Model predictions
Using our dynamical models (Box 1 and Box 2), we evaluated whether the
patterns of trait sensitivity to stressors we documented in the
meta-analysis reduce or increase infection prevalence across stress
gradients and how stressors ultimately impact host population densities.
The SI-Resource model predicts that a decrease in resource productivity
decreases infection prevalence (Fig. 5A), in part because host densities
also decrease with limited resources (Fig. 5C). Once a pathogen
establishes in a population, there is stabilizing feedback, where
pathogens suppress host density, increasing resources, and further
increasing transmission (Fig. S11). Therefore, in all scenarios of
sensitivity of pathogen transmissibility to resources (smaller values of
the half-saturation transmission constant (ht) increase
sensitivity of transmission rate (β) to resources), the model reaches
the same prevalence equilibrium. However, although population density
also stabilizes, impacts on host density are different for each
scenario: populations more sensitive to resources available will reach
smaller population sizes compared to less sensitive populations (Fig.
5C)
The SI-Environmental stress gradient models revealed that population
density decreases regardless of effects of stress on hosts
susceptibility due to increased mortality. But it exponentially
decreases host populations when transmission rate is sensitive to the
environmental factor (Fig. 5B and D). Specifically, when stress
increases host susceptibility (i.e., greater values of
βE), infection prevalence will increase rapidly (Fig.
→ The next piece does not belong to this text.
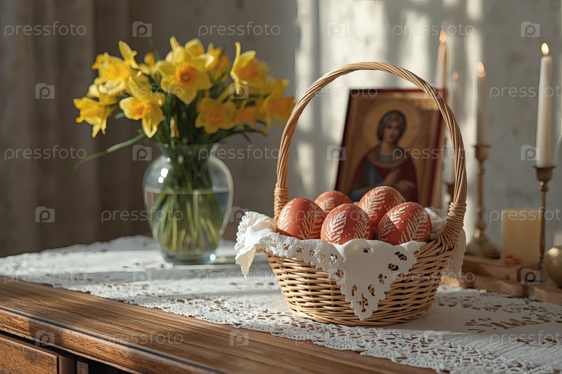 Православный Пасхальный праздник - это пасхальные яйца в корзине из уксуса, иконы, лица святых, цветы, церковные свечи и пасхальное украшение на деревянном столе в старом деревенском доме

5B) but at the cost of increasing host mortality (Fig. 5D). Therefore,
infection prevalence will have a maximum at intermediate stress level
but will drop as population densities are too low to sustain
transmission. In contrast, as transmission is more negatively affected
by stressors (i.e., pathogens are negatively affected by stressors),
infection prevalence will quickly reach zero with increasing
environmental stress (Fig. 5B). But as stress increases and persists,
populations will decline after pathogen extirpation (Fig. 5D).
Importantly, our models suggest that high pathogen prevalence and/or
stressors can result in host population extinction.
Our models illustrate that consequences of stress gradients on disease
can depend on the sensitivity that host traits, such as births and
deaths, and shared host-pathogen traits, such as transmission (i.e., β)
have to stressors. Interestingly, and consistent with Lafferty & Holt
(2003) simulations, our models showed that increased environmental
stress generally decreased disease, mainly driven by host density
reductions. Although stress can make hosts more likely to become
infected at the individual level, at the population level, negative
impacts on host survival and reproduction may be driving pathogen and
host local extinctions (Lafferty & Holt 2003).